*Exercise brief*: What you write should be an exact repeat of the lines from the one with "10分ほどバスを待って、13" through the final line below, minus the pictures.

*Data extracts*:
>>
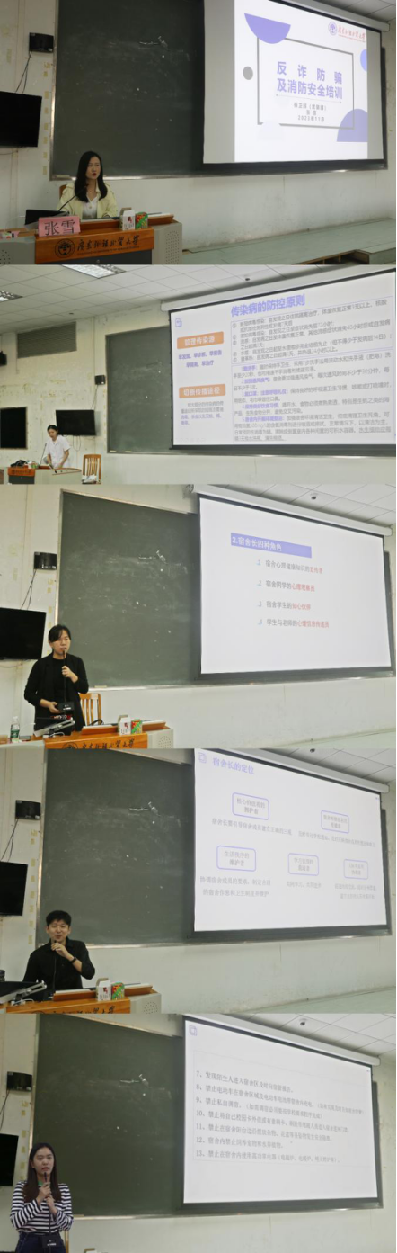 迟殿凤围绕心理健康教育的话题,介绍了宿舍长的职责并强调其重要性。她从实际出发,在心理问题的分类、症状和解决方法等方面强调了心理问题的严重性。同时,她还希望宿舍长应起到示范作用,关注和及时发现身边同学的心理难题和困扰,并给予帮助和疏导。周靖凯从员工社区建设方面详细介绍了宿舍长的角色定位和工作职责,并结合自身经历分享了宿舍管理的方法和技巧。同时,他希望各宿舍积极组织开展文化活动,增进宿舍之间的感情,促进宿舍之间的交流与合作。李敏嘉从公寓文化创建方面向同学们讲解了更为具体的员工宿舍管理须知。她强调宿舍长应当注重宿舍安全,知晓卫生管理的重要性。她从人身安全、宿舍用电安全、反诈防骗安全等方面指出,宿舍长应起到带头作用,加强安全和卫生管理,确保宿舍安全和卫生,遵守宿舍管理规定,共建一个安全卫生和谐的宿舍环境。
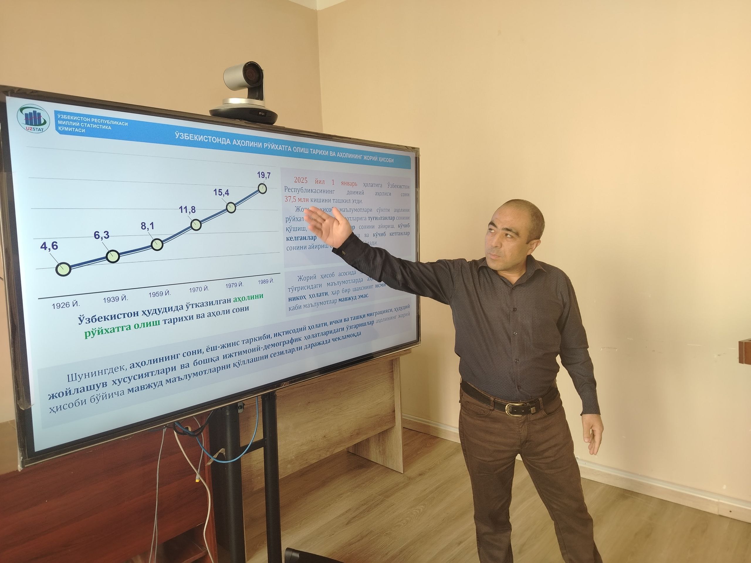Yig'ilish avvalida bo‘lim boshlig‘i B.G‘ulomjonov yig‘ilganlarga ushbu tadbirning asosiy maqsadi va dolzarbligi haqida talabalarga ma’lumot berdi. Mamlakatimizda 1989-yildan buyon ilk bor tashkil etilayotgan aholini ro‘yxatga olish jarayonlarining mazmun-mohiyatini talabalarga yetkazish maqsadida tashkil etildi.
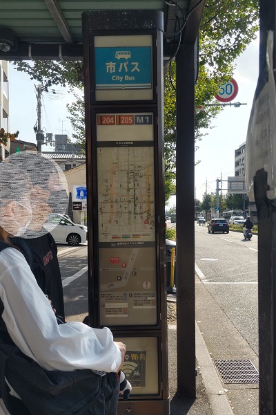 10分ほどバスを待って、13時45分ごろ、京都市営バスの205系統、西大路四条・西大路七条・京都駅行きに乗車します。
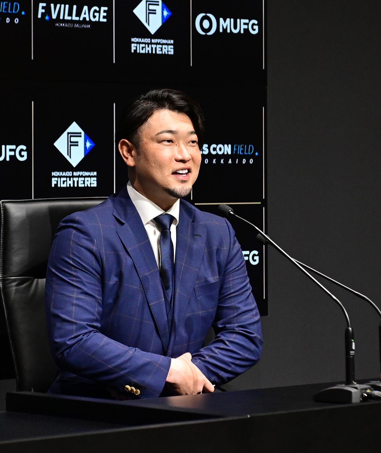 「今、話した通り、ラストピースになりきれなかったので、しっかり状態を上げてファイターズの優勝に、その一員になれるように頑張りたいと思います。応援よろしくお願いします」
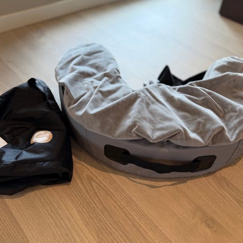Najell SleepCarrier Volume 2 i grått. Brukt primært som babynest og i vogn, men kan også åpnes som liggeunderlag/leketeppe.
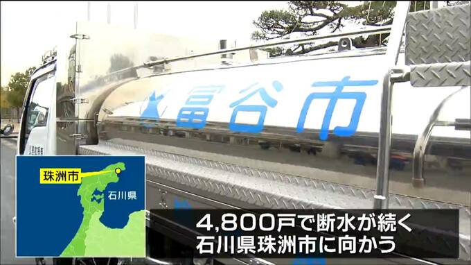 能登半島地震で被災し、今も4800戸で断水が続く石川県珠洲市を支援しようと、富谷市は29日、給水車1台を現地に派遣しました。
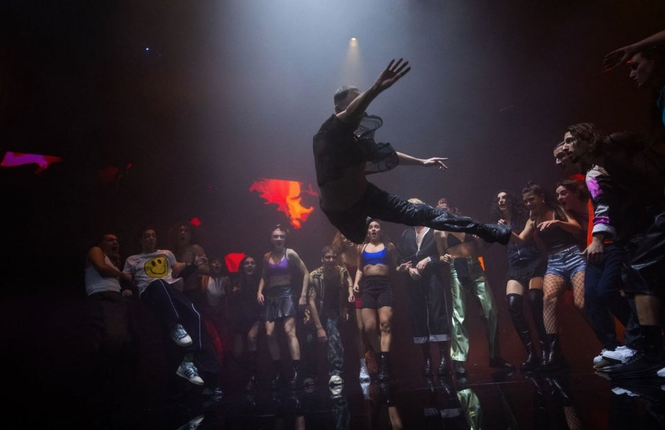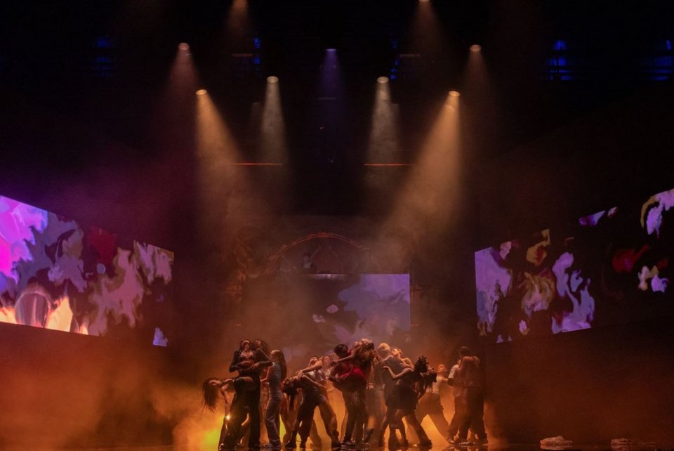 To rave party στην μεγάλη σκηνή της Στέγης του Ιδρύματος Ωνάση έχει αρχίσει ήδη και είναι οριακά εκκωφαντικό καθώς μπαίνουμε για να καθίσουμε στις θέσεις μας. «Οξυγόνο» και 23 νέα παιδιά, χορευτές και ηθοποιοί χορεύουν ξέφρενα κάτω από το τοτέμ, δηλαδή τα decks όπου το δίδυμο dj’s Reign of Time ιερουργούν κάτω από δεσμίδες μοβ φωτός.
<<
*Written response*:
 10分ほどバスを待って、13時45分ごろ、京都市営バスの205系統、西大路四条・西大路七条・京都駅行きに乗車します。
 「今、話した通り、ラストピースになりきれなかったので、しっかり状態を上げてファイターズの優勝に、その一員になれるように頑張りたいと思います。応援よろしくお願いします」
Najell SleepCarrier Volume 2 i grått. Brukt primært som babynest og i vogn, men kan også åpnes som liggeunderlag/leketeppe.
 能登半島地震で被災し、今も4800戸で断水が続く石川県珠洲市を支援しようと、富谷市は29日、給水車1台を現地に派遣しました。
 To rave party στην μεγάλη σκηνή της Στέγης του Ιδρύματος Ωνάση έχει αρχίσει ήδη και είναι οριακά εκκωφαντικό καθώς μπαίνουμε για να καθίσουμε στις θέσεις μας. «Οξυγόνο» και 23 νέα παιδιά, χορευτές και ηθοποιοί χορεύουν ξέφρενα κάτω από το τοτέμ, δηλαδή τα decks όπου το δίδυμο dj’s Reign of Time ιερουργούν κάτω από δεσμίδες μοβ φωτός.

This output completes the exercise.